Meta will charge developers a 47.5% fee for selling items on its Horizon Worlds metaverse
Earlier this week, Facebook’s parent company Meta announced a pilot programme for developers to build items for its metaverse, Horizon Worlds. In a statement announcing the programme, a Meta spokesperson said that such monetisation tools would be “steps toward our long-term vision for the metaverse, where creators can earn a living and people can purchase digital goods, services, and experiences.”
However, while Meta allowing developers to monetise items in its virtual world could be an interesting new avenue for creators to earn, a report by CNBC has revealed that the platform will also impose a hefty charge in exchange for letting developers sell on Horizon Worlds.
According to the report citing a Meta spokesperson, the company will charge a whopping 47.5% fee for any item that a creator sells on Horizon Worlds. This fee will include a 30% ‘hardware platform fee’ in order to list the item through the Meta Quest Store, which is the portal for any apps and services sold for Facebook’s Oculus Quest virtual reality hardware. The remaining 17.5% will be charged by Horizon Worlds.
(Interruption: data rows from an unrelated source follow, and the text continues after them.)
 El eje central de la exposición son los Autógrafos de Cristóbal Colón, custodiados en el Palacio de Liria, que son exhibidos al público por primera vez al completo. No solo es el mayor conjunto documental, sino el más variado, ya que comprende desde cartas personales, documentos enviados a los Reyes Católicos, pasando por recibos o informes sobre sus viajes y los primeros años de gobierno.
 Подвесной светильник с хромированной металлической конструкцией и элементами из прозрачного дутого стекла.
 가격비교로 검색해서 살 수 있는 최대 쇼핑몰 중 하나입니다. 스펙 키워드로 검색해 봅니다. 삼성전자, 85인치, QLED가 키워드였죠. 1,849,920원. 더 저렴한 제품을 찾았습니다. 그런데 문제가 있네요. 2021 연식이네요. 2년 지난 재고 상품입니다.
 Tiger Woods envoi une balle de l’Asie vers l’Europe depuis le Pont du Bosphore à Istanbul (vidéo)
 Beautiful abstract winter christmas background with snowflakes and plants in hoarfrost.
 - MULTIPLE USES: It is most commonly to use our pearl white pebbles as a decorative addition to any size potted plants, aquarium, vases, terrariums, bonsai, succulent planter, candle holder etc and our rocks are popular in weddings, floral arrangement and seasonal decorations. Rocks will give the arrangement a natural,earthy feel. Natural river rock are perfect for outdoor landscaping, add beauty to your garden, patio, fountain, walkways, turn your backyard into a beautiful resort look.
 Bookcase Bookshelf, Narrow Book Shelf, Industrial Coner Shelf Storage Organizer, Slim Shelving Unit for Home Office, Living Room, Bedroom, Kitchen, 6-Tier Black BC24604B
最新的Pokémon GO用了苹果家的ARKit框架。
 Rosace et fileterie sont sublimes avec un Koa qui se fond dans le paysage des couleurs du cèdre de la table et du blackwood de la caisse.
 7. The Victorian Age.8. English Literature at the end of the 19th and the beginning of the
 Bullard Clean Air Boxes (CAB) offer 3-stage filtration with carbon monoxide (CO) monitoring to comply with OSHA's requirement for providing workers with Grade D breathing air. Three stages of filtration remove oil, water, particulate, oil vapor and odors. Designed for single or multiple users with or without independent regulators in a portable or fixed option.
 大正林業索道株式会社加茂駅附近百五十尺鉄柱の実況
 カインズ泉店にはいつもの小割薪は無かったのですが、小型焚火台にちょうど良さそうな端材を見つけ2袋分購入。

The report has caused developers to call out the Facebook group for the allegedly massive commission that it will charge creators looking to sell items on its platform. A key part of metaverse concepts lie in allowing creators to sell art, products and items as non-fungible tokens (NFTs), but no major NFT marketplace right now charges such astronomical fees from developers for selling their work.
For instance, popular NFT marketplace, OpenSea, charges a 2.5% commission for allowing creators to sell their work through the platform.
Facebook itself has been a vocal opponent of the 30% commission charged by Apple and Google for in-app purchases through the respective app stores. The company has lobbied to have the two tech giants allow third party payment options through their stores – a factor that many developers have already pointed out on social media platforms.
Meta and Facebook chief, Mark Zuckerberg, has previously spoken about creating alternative payment avenues for creators so that they can bypass the “difficult” commissions charged by Apple and Google. However, his own clause appears to be charging even more – nearly half of what a creator could be selling an NFT on Horizon Worlds for.
Meta is yet to issue an official statement on the commissions it plans to charge for sales on Horizon Worlds. The company maintains that the monetisation tools on its metaverse will remain available to a small set of creators for now, so there could be room to revise these charges once the ecosystem opens up.